Network and security administrators sometimes evoke images of the Little Dutch Boy from Hans Brinker who stuck his finger in the dike to plug a leak, except for network and security administrators every time they plug one leak a new one springs up. They implement file attachment filters and antivirus scanning on the corporate email servers only to have users access web-based email like Hotmail and sidestep the security. Every time administrators think they have the network locked down some other method of entry pops up- instant messaging, wireless devices, USB hard drives, etc..
Some of these things can be eliminated through firewall or content filtering rules to deny users access to sites that pose a potential security risk. Other things are harder to control except through strict policies and procedures specifically prohibiting certain actions or technologies from the company network and then monitoring and policing to enforce compliance.
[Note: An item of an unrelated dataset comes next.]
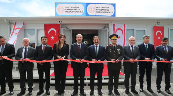 Tatar, Hatay’ın İskenderun ilçesindeki Kıbrıs Şampiyon Melekler Konteyner Kenti’nde aynı ismi taşıyan ilk ve ortaokulun açılışına katıldı.

Many companies have already addressed the issue of wireless device security. Initially many companies and individuals jumped onto the wireless networking bandwagon for the convenience of being able to wander un-tethered by network cables or being able to deploy more workstations without having to run network wiring through the walls and ceiling. However, many of those wireless networks used no security whatsoever and the ones that did used WEP encryption which proved to be barely better than having no security. This is still a serious problem for many wireless networks, but wireless security has improved drastically.
Douglas Schweitzer, author of Incident Response and columnist for Processor.com, says “There's no denying that wireless networks can help to increase worker productivity and often produces a considerable ROI for organizations with large, mobile workforces. However, it is important to note that there are significant risks involved from any unprotected wireless network. To mitigate these risks, organizations interested in deploying wireless networks should consider a defense-in-depth (layered approach) to security that involves both procedural and physical components such as policies and intrusion detection/prevention. Used in conjunction with firewall and anti-virus, network security administrators can successfully lock down their wireless networks.”
So, now we come to the administrator with all 10 fingers already occupied plugging different holes in the dike: malware, spam, denial-of-service attacks, USB devices, web-based email, etc. and thinking that the network is relatively secure and along comes remote access.
Whether it’s a business partner that needs remote access to the company network in order to facilitate work or company employees or executives that need to access the company network from their home computers in order to remain productive during “off” hours, remote access can create a number of security risks for your otherwise secure network.